StormCast CONUS Regression Model (Full Domain)
Description
StormCast CONUS is a regression UNet model for high-resolution (3km) weather prediction over the full Continental United States (CONUS) domain. It is trained as the first stage of the StormCast regression-diffusion framework, which autoregressively predicts 99 state variables at km scale using a 1-hour time step, with dense vertical resolution in the atmospheric boundary layer.
This model extends the original StormCast V1 to the full CONUS domain (1056 x 1792 grid) rather than the smaller central US bounding box (512 x 640) used in the original paper.
This checkpoint contains the regression model only. The full StormCast pipeline additionally uses an EDM diffusion model to add fine-grained stochastic structure (storm cells, precipitation bands).
For training recipes see NVIDIA PhysicsNeMo, for inference see NVIDIA Earth2Studio.

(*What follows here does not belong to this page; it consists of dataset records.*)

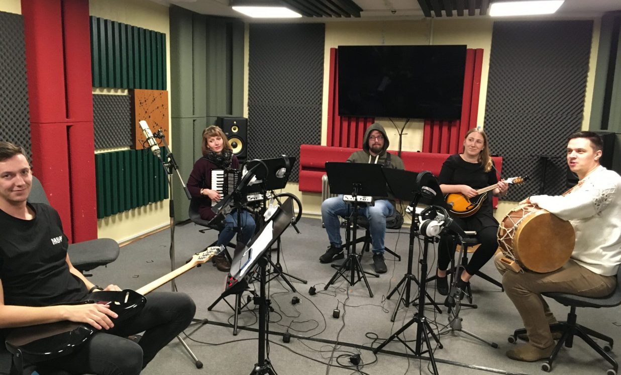 Folkloras kopa “Dyrbyni” ieraksta dziesmas studijā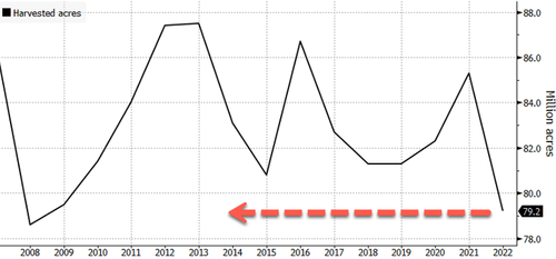 The agency estimated farmers harvested 79.2 million acres, a decline of 1.6 million acres versus the previous estimate — the smallest acres harvest since 2008.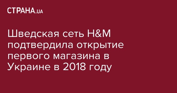 Крупнейшая европейская сеть по продаже одежды- шведская H&M (Hennes & Mauritz) подтвердила выход на украинский рынок в 2018 году. Информация об этом размещена в пресс-релизе компании, посвященном планам ее дальнейшего развития. "Новые рынки, запланированные на 2018 год, - Уругвай и Украина", - сказано в заявлении компании.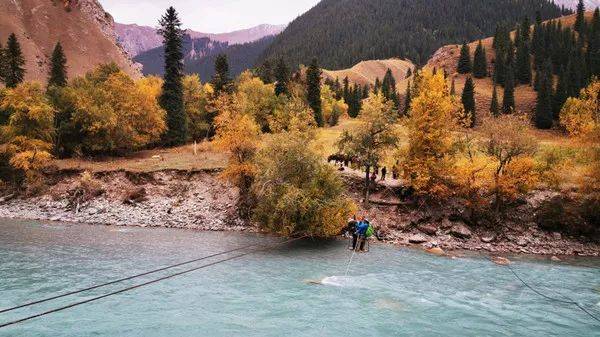走出没多远就到了溜索,清澈见底的科克苏河是划分南北疆的界河,河岸以南是维族牧民地盘,北岸是哈族地盘儿。过了溜索就是营地了,开心。溜索还挺刺激的,哗的一下靠篮子自重就到河中间了,然后队友就喊,行了,不用管了,让她们待在那吧~都是中国好队友,然后对岸有人使劲拉啊拉啊,如果超重的话,拉的人就会很辛苦。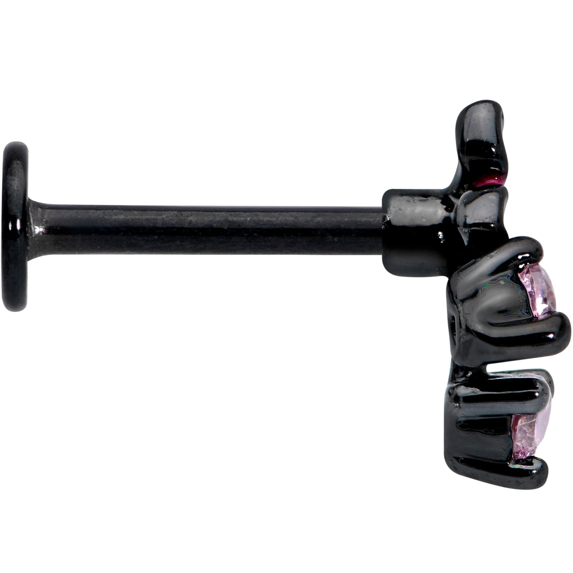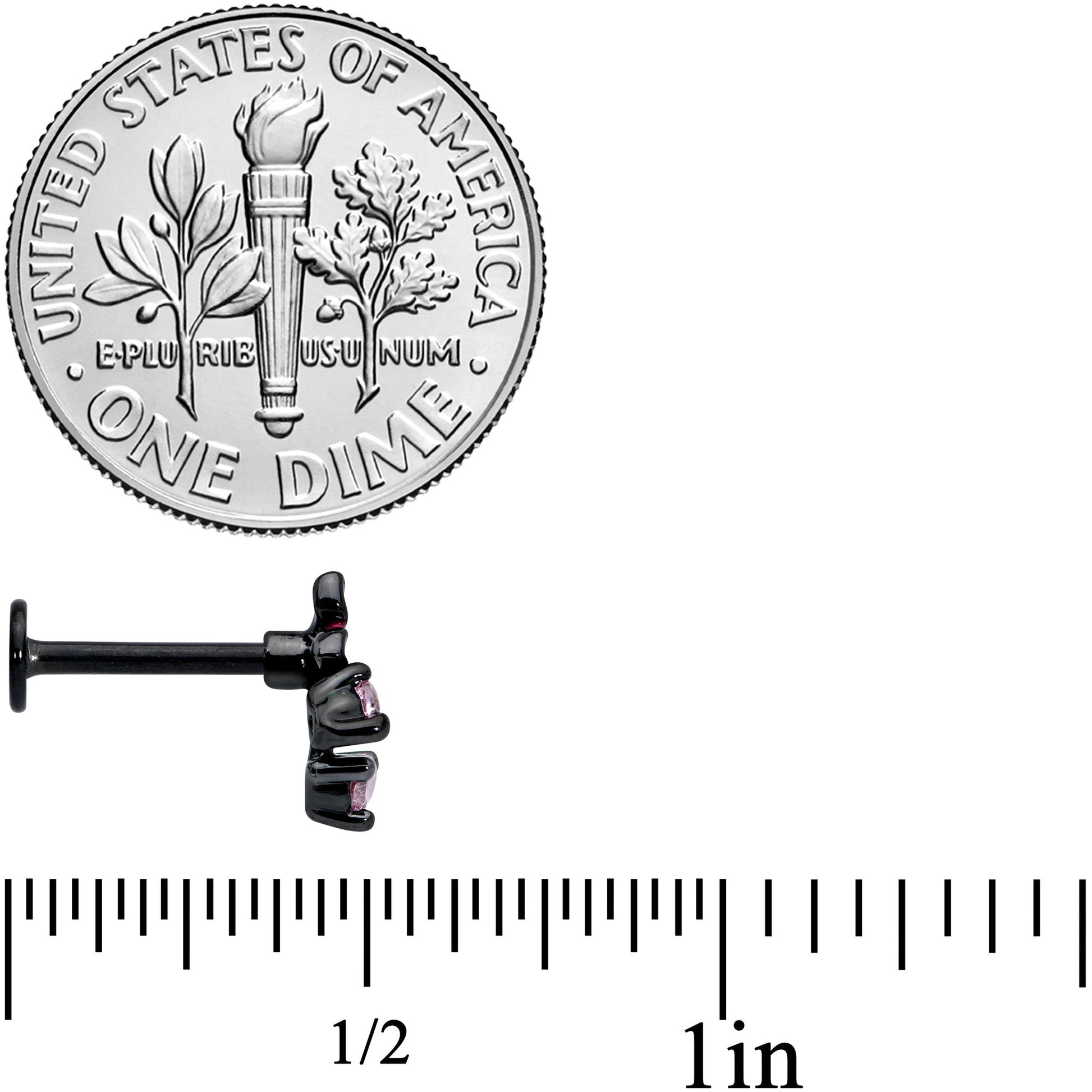 16 Gauge 5/16 Pink Gem Black Fanciful Flower Labret Monroe Tragus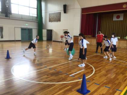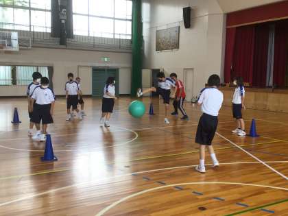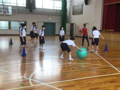 バランスボールを使って、ボールゲームをしていました。

This model is for research and development only.
License/Terms of Use
This model is distributed under the Apache 2.0 license.
Reference(s)
Kilometer-Scale Convection Allowing Model Emulation using Generative Diffusion Modeling
Model Architecture
Architecture Type: StormCast uses a UNet architecture in a regression-diffusion generative model framework.
Network Architecture: UNet
| Parameter | Value |
|---|---|
| Model channels | 64 |
| Channel multiplier | [1, 2, 4, 4] |
| Blocks per level | 2 |
| Gradient checkpointing | Level 2 |
| Spatial positional embedding | Yes |
| Precision | BF16 (AMP) |
Checkpoints
| Checkpoint | Training Data | Steps | Train Loss | Val Loss | Description |
|---|---|---|---|---|---|
StormCastUNet.0.16000.mdlus |
2023 HRRR+ERA5 (Jan 1-11) | 16,000 | 0.0143 | 0.0125 | Initial v0 training |
StormCastUNet.0.32000.mdlus |
2025 HRRR+GFS (full year) | 32,000 | 0.0128 | 0.0104 | Fine-tuned on 2025 data |
The recommended checkpoint is StormCastUNet.0.32000.mdlus (fine-tuned on full year 2025).
Input
Input Type(s):
- Tensor (127 channels: 99 state variables + 26 conditioning variables + 2 invariants)
- DateTime (NumPy Array)
Input Format(s): PyTorch Tensor / NumPy array
Input Parameters:
- Four Dimensional (4D) (batch, variable, latitude, longitude)
- Input DateTime (1D)
Other Properties Related to Input:
- Input grid: HRRR Lambert Conformal projection, full CONUS domain (1056 x 1792 at 3km)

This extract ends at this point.